» **Data in this exercise**
----

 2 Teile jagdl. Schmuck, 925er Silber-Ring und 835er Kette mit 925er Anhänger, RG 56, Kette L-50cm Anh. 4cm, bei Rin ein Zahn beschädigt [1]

----

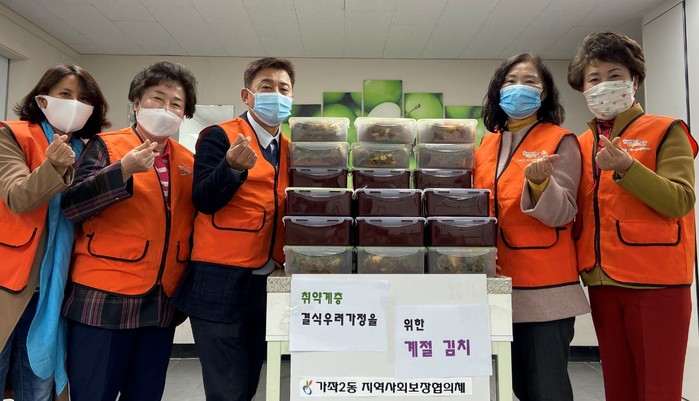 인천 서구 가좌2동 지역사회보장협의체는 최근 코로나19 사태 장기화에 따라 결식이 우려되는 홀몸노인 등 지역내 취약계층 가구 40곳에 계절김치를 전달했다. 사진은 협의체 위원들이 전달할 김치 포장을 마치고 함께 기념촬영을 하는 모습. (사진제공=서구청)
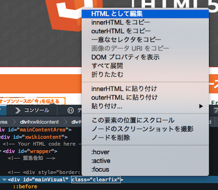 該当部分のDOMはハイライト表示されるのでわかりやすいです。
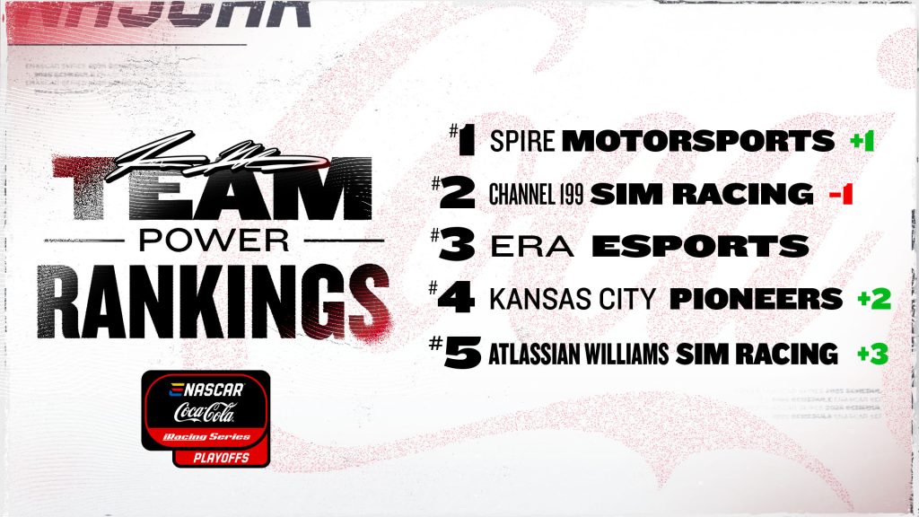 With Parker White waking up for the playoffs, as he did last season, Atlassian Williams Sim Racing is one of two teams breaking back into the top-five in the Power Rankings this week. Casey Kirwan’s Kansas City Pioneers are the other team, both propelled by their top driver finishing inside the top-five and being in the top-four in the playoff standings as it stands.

----

» **Problem to work on**
Reproduce, word for word, only the lines in the records above from the line with "該当部分のDOMはハイライト表示されるのでわかりやすいです。" through the line with "With Parker White", including both ends; omit the pictures.

» **Answer to this task**
 該当部分のDOMはハイライト表示されるのでわかりやすいです。
 With Parker White waking up for the playoffs, as he did last season, Atlassian Williams Sim Racing is one of two teams breaking back into the top-five in the Power Rankings this week. Casey Kirwan’s Kansas City Pioneers are the other team, both propelled by their top driver finishing inside the top-five and being in the top-four in the playoff standings as it stands.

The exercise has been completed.